A new puppy comes with a lot of responsibility. One of the most important responsibilities is to maintain your puppy's health and appearance through regular grooming sessions. Today, our Rock Hill vets will discuss grooming your puppy at home first, and then how to prepare them for the groomers.

Puppy's First at Home Grooming

You should begin grooming time with your puppy around 10-12 weeks of age. To prepare your puppy for this, you should gradually introduce them to touch. Lift your puppy's paws and massage the pads and tips of its toes.

You might also want to reward your puppy with small treats during this time so he associates this attention with tasty rewards. Your puppy will be more attentive and likely to enjoy the grooming process in the future as a result.

It is always best to groom your puppy immediately following playtime. If your puppy is tired, it will calm down quickly and be much easier to handle. This playtime can also serve as a reward for them as they become accustomed to the grooming routine.

Because puppies have so many different coats, your brush of choice will depend on their coat. If your puppy has a thin coat, you should use a fine-toothed comb; if your puppy has a thick coat, you should use a slicker brush. A good multi-purpose brush can work well on most dog hair types.

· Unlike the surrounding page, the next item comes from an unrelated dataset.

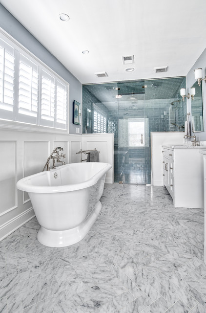 Marble Herringbone Floors With A Large Steam Shower American Traditional Bathroom New York By Kraftmaster Renovations

A brush is not the only thing you will need when grooming puppies at home, you should have a starter supply of:

  • Dog shampoo
  • Dog toothpaste
  • Dog toothbrush
  • Toenail clippers
  • Towels for drying
  • Electric clippers
  • Cotton balls (for cleaning out its ears)

Grooming Your Puppy

Four important things need to be done with grooming your puppy;

Dental Care: Your puppy is unlikely to appreciate you sticking your hands into its mouth, so this may be difficult at first. While you're doing this, your puppy will try to nibble on the toothbrush and possibly your hands. Brushing, on the other hand, is critical for your dog's oral health, and daily brushing can help prevent cavities and gingivitis.

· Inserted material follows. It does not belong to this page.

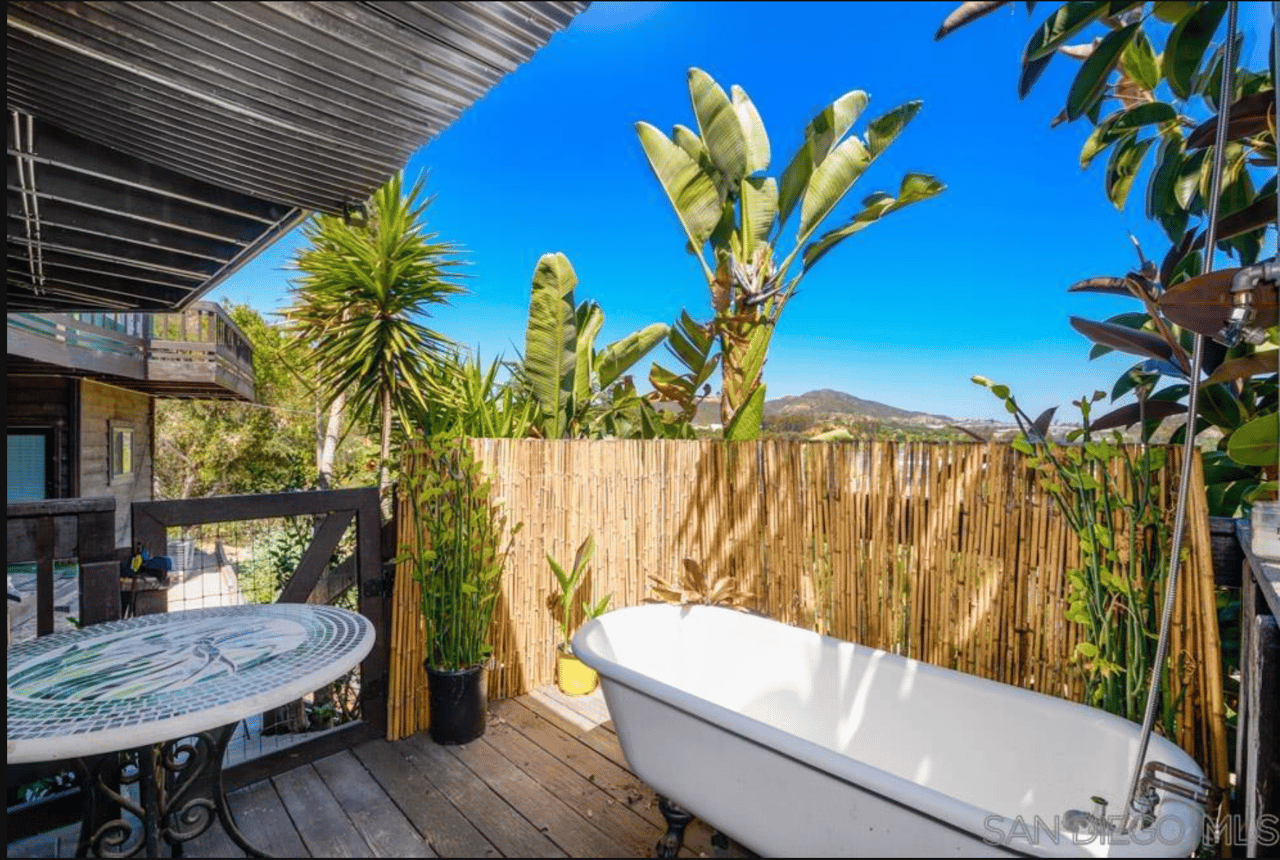 The primary suite offers a truly unique experience, with a private balcony showcasing a clawfoot tub and shower—perfect for relaxing under the sun or stars.

Bathing: Bathe your dog only when necessary, such as when they smell bad and avoid over-bathing them because this removes essential oils from your puppy's coat. When bathing your puppy, treat them as an infant and test the water. If it's too hot for you, it's too hot for your puppy. 

Nail Care: You must make your dog feel at ease during this procedure. It may be simple to get them excited about grooming by allowing them to lick peanut butter as a treat the first few times. When trimming their nails, take care not to cut too close to the quick. This can be excruciatingly painful for your puppy. If your puppy has brown or black nails, it can be difficult to file them back quickly, so try taking off small bits at a time.

Trimming the Coat: When your puppy's coat is damp after a bath, it is best to cut it. Puppies do not always require frequent trimmings, but as they age, they may require more, particularly if your puppy has a thick coat. Trim your puppy's coat starting at the back of the neck and working your way down to the legs. You don't want to over-trim your puppy's coat, so just take a little bit off at a time.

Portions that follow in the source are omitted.